If there are questions or concerns with the content please e-mail info@4boca.com.

As a Boca Raton resident who is concerned with what’s happening in our town, I naturally look to the web for information and analysis. One has to be cautious reading traditional media, as their articles are often colored by the publication’s need for ad revenue, or the bias of the owner/editor or a particular reporter.
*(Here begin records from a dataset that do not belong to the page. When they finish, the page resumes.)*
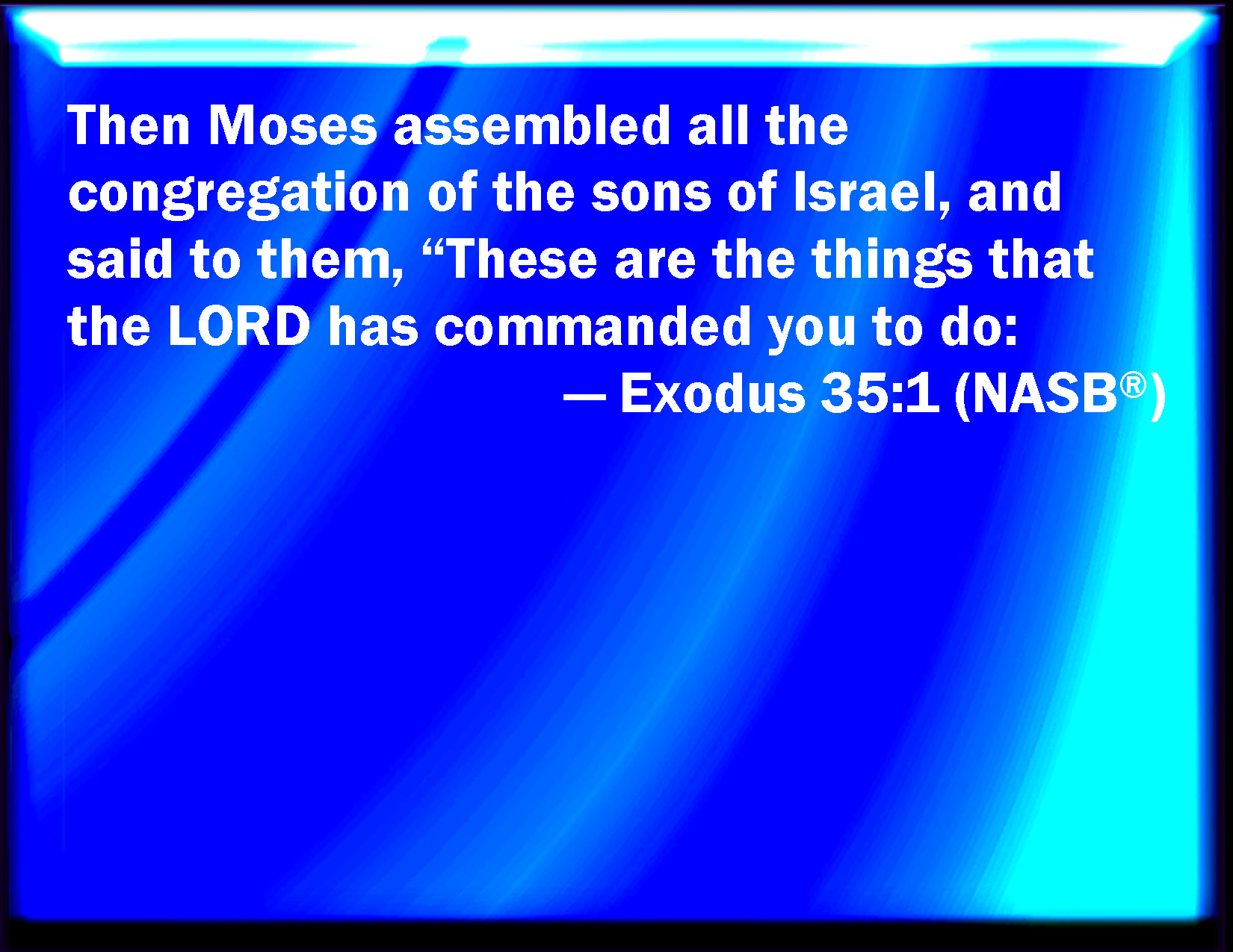 Bible Verse Slide Exodus 35:1 And Moses gathered all the congregation of the children of Israel together, and said to them, These are the words which the LORD has commanded, that you should do them. KJV: And Moses gathered all the congregation of the children of Israel together, and said unto them, These are the words which the LORD hath commanded, that ye should do them. DRB: And all the multitude of the children of Israel being gathered together, he said to them: These are the things which the Lord hath commanded to be done. DBT: And Moses collected all the assembly of the children of Israel, and said to them, These are the things which Jehovah has commanded, to do them. ERV: And Moses assembled all the congregation of the children of Israel, and said unto them, These are the words which the LORD hath commanded, that ye should do them. WBT: And Moses assembled all the congregation of the children of Israel, and said to them, These are the words which the LORD hath commanded, that ye should do them. WEB: Moses assembled all the congregation of the children of Israel, and said to them, "These are the words which Yahweh has commanded, that you should do them. YLT: And Moses assembleth all the company of the sons of Israel, and saith unto them, 'These are the things which Jehovah hath commanded — to do them:Links Exodus 35:1 NIV • Exodus 35:1 NLT • Exodus 35:1 ESV • Exodus 35:1 NASB • Exodus 35:1 KJV • Exodus 35:1 Interlinear • Exodus 35:1 Commentaries • Exodus 35:1 Parallel Texts • Exodus 35:1 Bible Apps • Exodus 35:1 Parallel • Bible Hub |
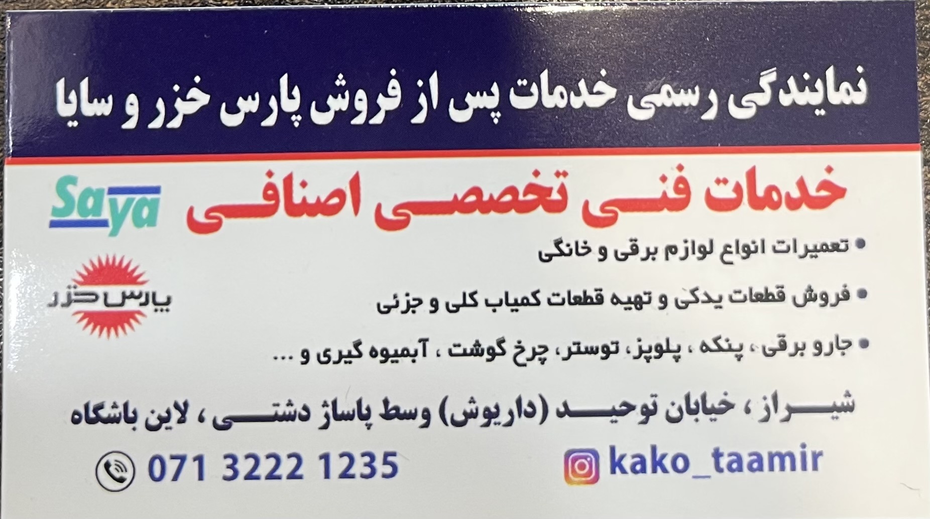 /سایا در شیراز با کد نمایندگی16022(شیراز،خیابان توحید،پاساژ دشتی)در خدمت هموطنان جهت ارسال قطعه های موجود به سراسر کشور میباشد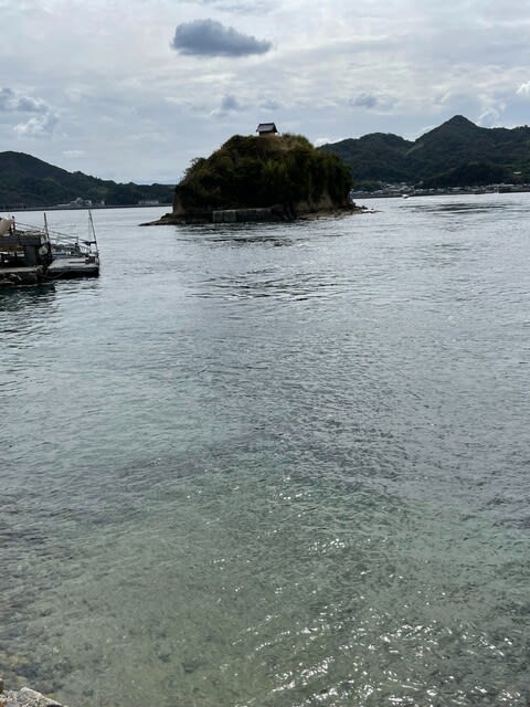 桟橋から社が見えます、そうです、鯛崎島として独立しているのです。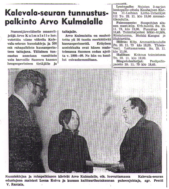 perinnetiedon kertojana. Myös Kalevala seura muisti Arvoa, Suomen kansan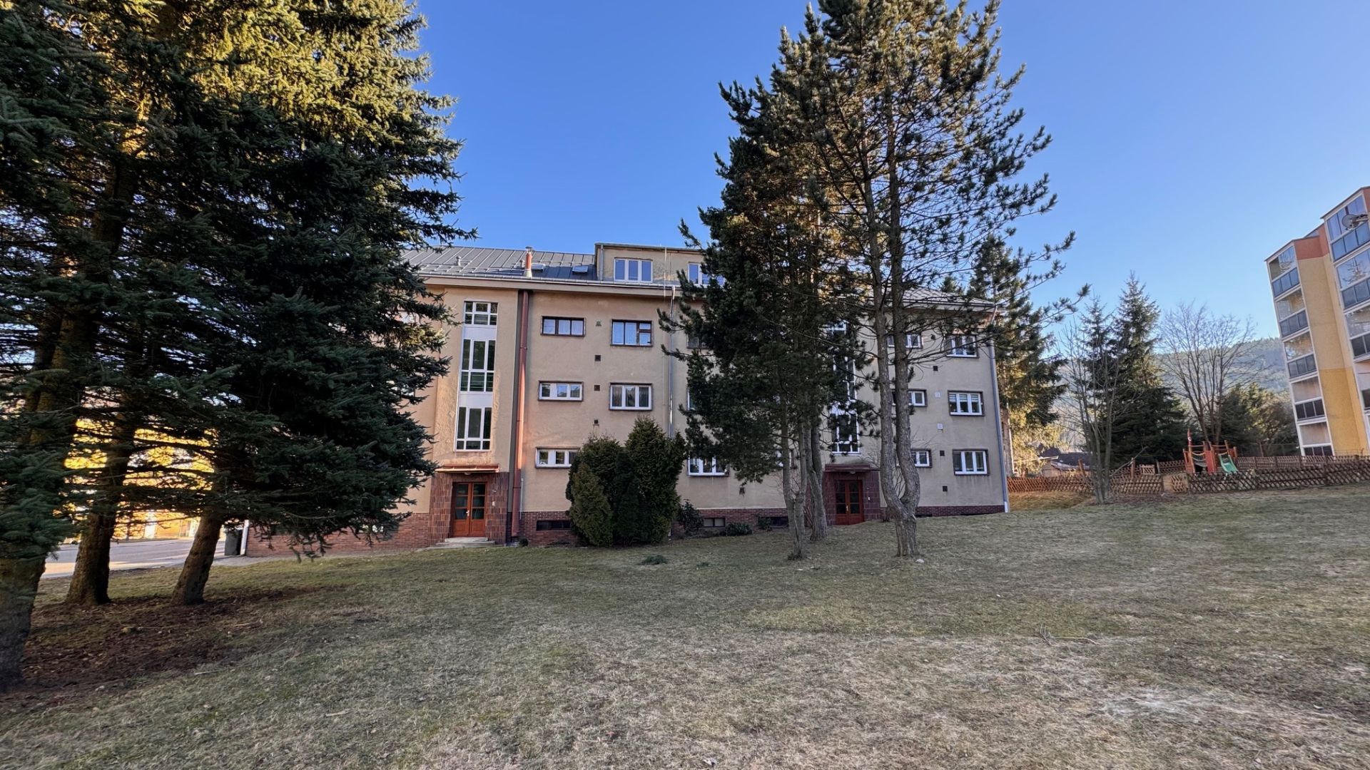 Nabízíme k prodeji velice pěkný a slunný byt o dispozici 2+1, situovaný v 1. nadzemním podlaží cihlového bytového domu bez výtahu. Tato nemovitost se nachází v klidné části malebného města Tanvald, konkrétně v ulici Radniční, a nabízí celkovou užitnou plochu 76,5 m². Byt je v osobním vlastnictví.

There are actually four websites that deal with local issues. The first is the official site of the City of Boca Raton which, to be honest, is neither reader nor resident friendly. Trying to find out what is happening or, more importantly, what is about to happen on ci.boca-raton.fl.us can be a frustrating and futile experience. Then there is our organization’s website, BocaBeautiful.org. We are a non-profit whose primary concern is the pace and density of development in downtown Boca. Third is BocaWatch, a self-styled citizen watchdog organization with about 20,000 followers on social media. And finally there is forBoca.com which represents the views of the Boca Chamber of Commerce, and whose principal mission seems to be to discredit BocaWatch. BocaWatch’s success in helping secure 67% approval of the “Boca Question” on last November’s ballot seems to have stirred the Chamber to action, both on their website and in the courts, where forBoca.org is suing to have the ballot question results invalidated.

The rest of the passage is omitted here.